Your objective = What is the number of lines in the data that hold the string "appliance"? Reply with that number only.

The data =
________________________________________

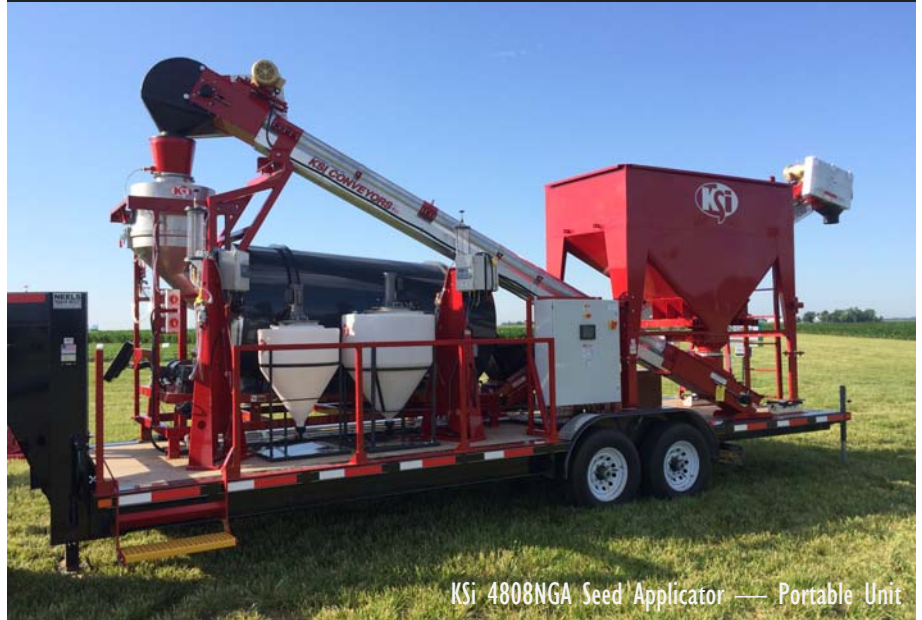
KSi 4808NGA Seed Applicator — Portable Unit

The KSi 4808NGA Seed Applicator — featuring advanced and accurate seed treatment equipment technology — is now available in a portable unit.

________________________________________

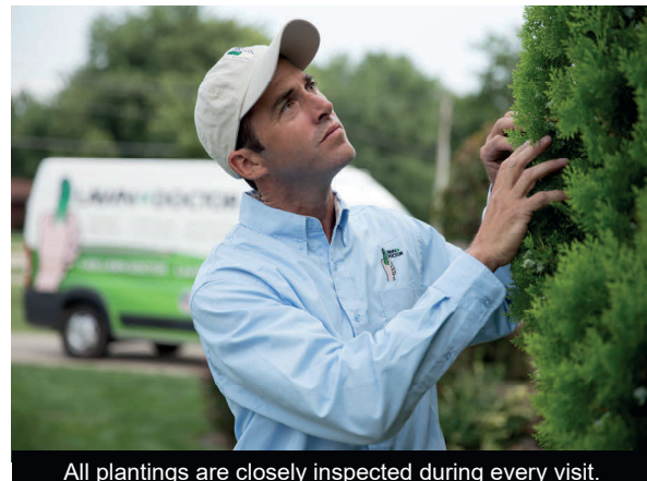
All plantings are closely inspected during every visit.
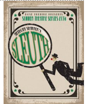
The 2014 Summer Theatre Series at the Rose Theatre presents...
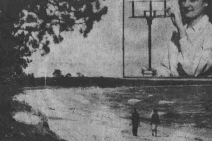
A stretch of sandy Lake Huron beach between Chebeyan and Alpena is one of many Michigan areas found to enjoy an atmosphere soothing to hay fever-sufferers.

________________________________________

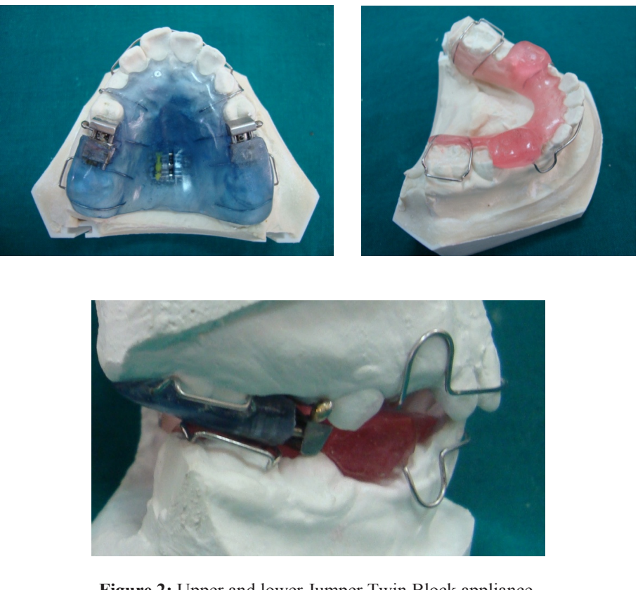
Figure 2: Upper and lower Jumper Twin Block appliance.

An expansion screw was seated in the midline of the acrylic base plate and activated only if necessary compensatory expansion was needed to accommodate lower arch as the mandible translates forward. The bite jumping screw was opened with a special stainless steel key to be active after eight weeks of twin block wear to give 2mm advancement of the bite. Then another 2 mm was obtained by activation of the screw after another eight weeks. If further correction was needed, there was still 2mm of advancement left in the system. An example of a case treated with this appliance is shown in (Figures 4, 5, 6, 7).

________________________________________

Exercise result = 2